Hi all
I'm a bit battled since I'm re-analyzing some published data from a collaborator and I cannot get more than 10-20% of my genes overlapping with their data. I would like to make sure that I'm not screwing it up so I hope that this is the best place to ask
Example:
Analysis of 20 samples, 10 paired tumor-normal
My R code (based on limma) looks like:
fileList <- list.files(".",pattern = "*.CEL$",full.names=T, include.dirs=F, recursive=F)
sample <- ReadAffy(filenames = fileList, verbose=T)
eset <- expresso(sample,
bgcorrect.method="mas",
normalize.method="quantiles",
pmcorrect.method="mas",
summary.method="medianpolish")
as.matrix(colnames(exprs(eset)))
# prepare design
target <- cbind(c(rep(5,2), rep(6,2), rep(7,2), rep(8,2), rep(9,2), rep(10,2), rep(31,2),rep(36,2), rep(37,2), rep(38,2)), rep(c("D","N"),10)))
colnames(target) <- c("ID", "status")
rownames(target) <- colnames(exprs(eset))
target <- as.data.frame(target)
paired_samples <- factor(target$ID)
Treat <- factor(target$status, levels=c("D","N"))
design <- model.matrix(~paired_samples+Treat)
fit <- lmFit(eset, design)
fit <- eBayes(fit)
topTable(fit, coef="TreatN")
but the list of genes that I get not only has 0 with FDR < 5% (as stated in the paper) but have only 11 genes out of >400 that overlap if I use the test p.value instead of the adjusted p.value.
I even tried using a non-paired analysis with this design
design <- cbind(N=1,DvsN=rep(c(1,0),10))
rownames(design) <- colnames(exprs(eset))
The heatmap looks prettier in dividing normal vs tumor but still same problem of overlapping my significant genes vs the published ones.
-- edit --
An example of normalized data I have is the attached image
https://drive.google.com/file/d/0BxzhXZ5eBptDRnd0SXpTNkNHbGs/view?usp=sharing
Any suggestion would be just awesome
What'd they use in the paper to do the analysis? I've seen more than a few papers that were just analyzed in a completely incompetent manner. Also, did you do any sort of QC? That's not the sort of thing mentioned in methods sections of papers and could have led to either excluding samples or tweaking methods.

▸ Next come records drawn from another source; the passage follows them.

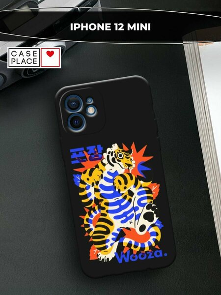 Черный матовый чехол на Apple iPhone 12 mini / Айфон 12 Мини с принтом "Wooza"
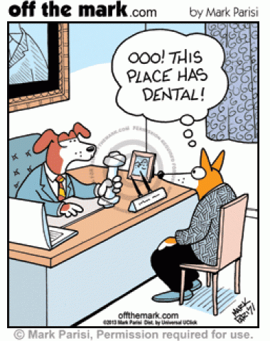Dog Bone Dental A dog offers another dog a bone to show him that his job has dental benefits.
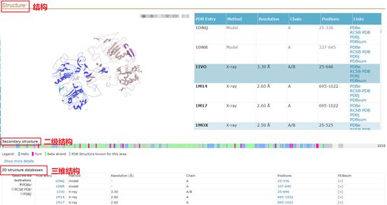 在结构中,可以了解蛋白的二级结构位置以及蛋白的三维结构等。
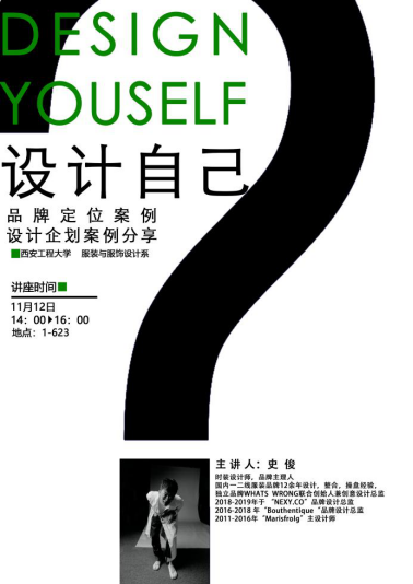 2020年11月12日下午,服装与服饰设计系邀请独立品牌WHATA WRONG联合创始人兼创意设计总监史俊先生,在金花校区1-623教室举办题为《设计自己》专题讲座,服装专业2018、2019级共计一百余名学生参与了本次讲座。
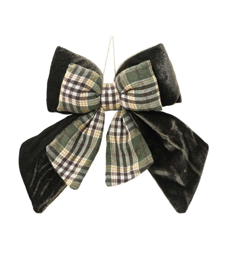 Fiocco Decoris in velluto verde rosmarino, dimensioni 23x18x4,5 cm, perfetto per decorazioni natalizie eleganti e durature. Aggiungi un tocco raffinato al tuo albero o alla tua tavola festiva.
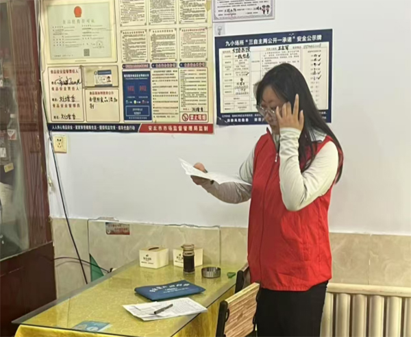 图为实践团成员常敬晗在对个体工商户消防安全进行打分
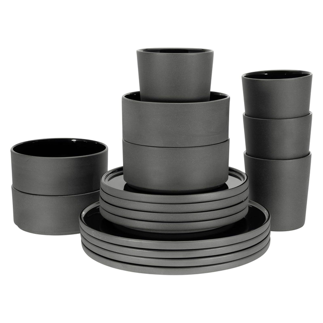 Набір столового посуду CreaTable Futuro Black з 16 предметів на 4 персони керамограніт чорний
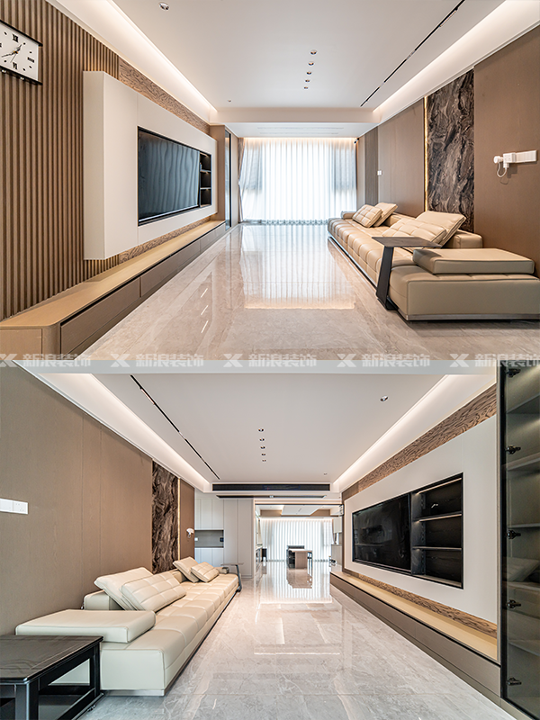 全屋無主燈設計,磁吸軌道燈+射燈組合,氛圍感拿捏!嵌入式懸浮電視柜+護墻板,極簡不積灰,空間質感upup!
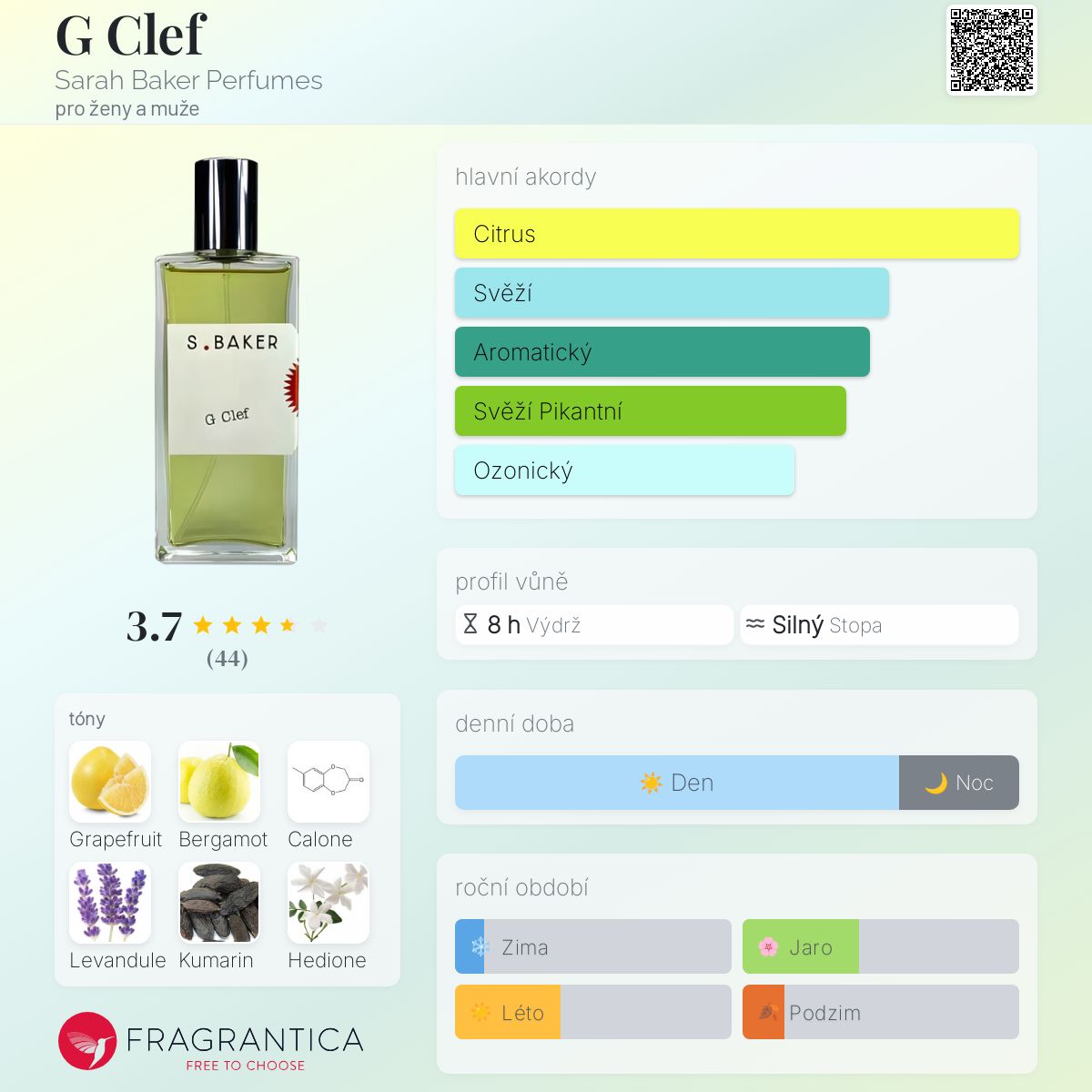 G Clef podle Sarah Baker Perfumes je Citrus Aromatic vůně pro ženy a muže. G Clef byl/a uveden/a v roce 2020. "Nosem" za touto vůní je Sarah Baker.

for DEGs they say that they used BH-equation = FDR correction but they don't say which analysis they actually did to obtain the p.values that they corrected. only mentioned that they used a 5% FDR.
for QC I quickly checked how boxplots were after normalizing (they also used mas medianpolish etc) and it looks pretty enough to me (I'm gonna attach image in the main txt as soon as I reply to this). the paper mentions the "use of scatterplots, correlation and trees" to check quality but it doesn't say whether they excluded any.
Those don't look terrible to me either, though they aren't quite as well quantile normalized as I'd like to see. The thing with methods sections is that they almost always leave out important details. Your best bet is to ply one of the authors with booze and get the actual details that way. While I'm sure there are important implementational differences between limma and the Affymetrix suite/dChip, it's difficult to believe that that alone could lead to such a huge difference (though I'm no expert in this particular area, so I could be off there).
Do you happen to know what version of limma they used? Sometimes versions can make a *big* difference if some underlying parameter is tweaked under the hood between versions (e.g. as has happened with edgeR). Despite specific p-values are the trends preserved between your analysis and theirs? Or are you simply stuck with gene lists from them (and unable to to do more specific comparisons)? Your normalization method is listed as quantiles, is that what they used?
The paper says they used Affymetrix's MicroArray Suite and dChip with medianpolish normalization method. no limma. the ration of up/downregulated genes is similar in both analysis, but the probe names are not.
Jowever, what I'm mainly concerned about tho is: unless I missed something important in the code above, I would like to see a good part of my data to overlap with theirs...but if the code above is correct, and their analysis is correct...then what's the real answer?!